Überrascht hat mich dann doch die Intensität der Elternkontakte. Ich hatte mir so viel Arbeit und solch eine Verantwortung nicht vorstellen können, gerade jetzt während der Pandemie. Ich war nie vorher auch in dieser Heftigkeit mit Eltern konfrontiert, die schulische Maßnahmen hinterfragen. Ich war auch nie zuvor an einer Privatschule tätig. Die Deutsche Internationale Schule Doha unterscheidet sich in fast allem zur Inlandsschule, vor allem im Grad der Professionalisierung, die ich so an Inlandsschulen bisher nicht erlebte. Qualitätsmanagement, Übergabemanagement, Umgang mit kultureller und sprachlicher Vielfalt, Unterstützung für neu einreisende Kinder, kollegiale Hospitationen, Mitarbeiterentwicklungsgespräche, Schulprogrammarbeit, Überlegungen zur Wirtschaftlichkeit von Maßnahmen, Feedbackkultur… das war alles etabliert, da gab es Konzepte und alle sind beteiligt, etwas, worum an vielen Schulen im Inland immer noch gerungen wird.

Das Leben vor Ort

Über den Alltag vor Ort sollte man wissen, dass es immer warm und meistens sehr heiß ist, selten regnet, es keinen Wald, wenig Grün gibt. Katar ist ein muslimisches Emirat, womit klar ist, dass es gilt, weitgehend auf Alkohol und Schweinefleisch zu verzichten und die Religiosität im Alltag hinzunehmen. Sie spielt eine tragende Rolle. Man sollte eine gute körperliche Konstitution, Geduld, Humor und ein stabiles Gefühlsleben haben. Es lohnt sich, die Schönheiten des Landes entdecken zu wollen, die Wüste ist ein Erlebnis.

Bilder aus Doha

Bild / Video 4 von 5

Stadtspaziergang Quelle: Diana Guthmann

Besondere Erlebnisse

Berührt hat mich schon Vieles, auch überrascht und beeindruckt. Was wählt man da aus? Als es uns im Lockdown gelang, das Essen zum Fastenbrechen am Ende des Ramadan als Schulgemeinschaft am Bildschirm zu zelebrieren, war es schon sehr besonders.

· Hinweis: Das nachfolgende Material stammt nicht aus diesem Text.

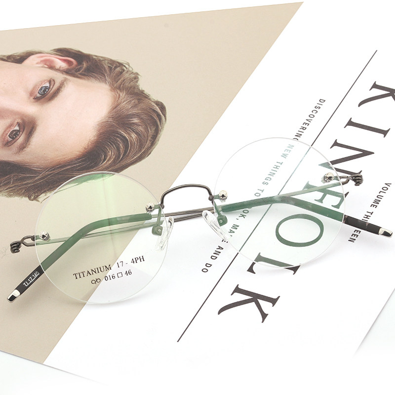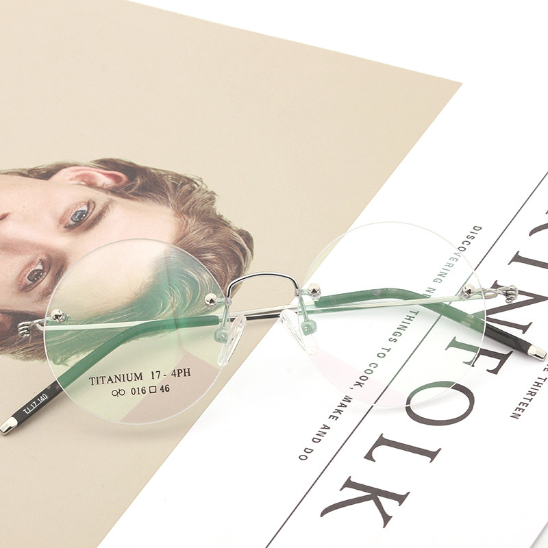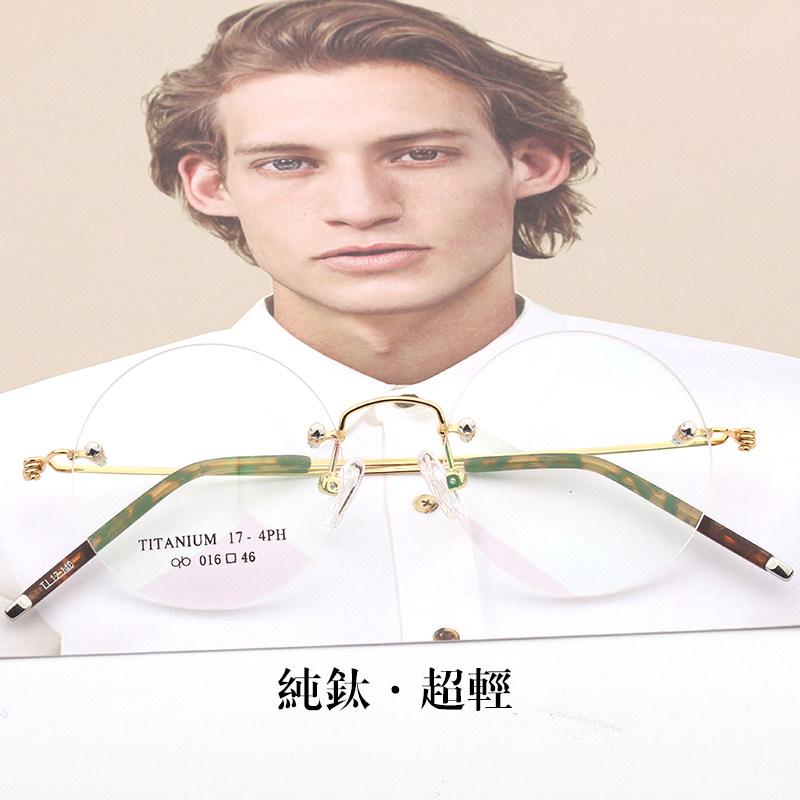 📚 无框乔布斯同款纯钛无框圆圆眼镜近视平光防蓝光辐射超轻切边眼镜

Jeder saß zu Hause, aber alle aßen gemeinsam. Jeder spürte, das bringt uns zusammen.

Und als ich zum 30. Jahrestag der Öffnung der innerdeutschen Grenze mit meiner DDR-Herkunft während der Feierstunde die Festansprache hielt und sicher eigene Akzente setzte, dachte ich: "Wow, das hast du aus deinen Chancen von 1989 gemacht." So erlebt man das nur im Ausland. Ebenso die Hilfsbereitschaft durch Kolleginnen, Kollegen, Eltern. Da ist oft mehr Sensibilität da, als ich es aus Deutschland kenne.

Diana Guthmann

Diana Guthmann unterrichtet seit dem Jahr 2018 die Fächer Deutsch/ DaF, Ethik und Geschichte an der Deutschen Internationalen Schule Doha. Sie ist zudem stellvertretende Schulleiterin.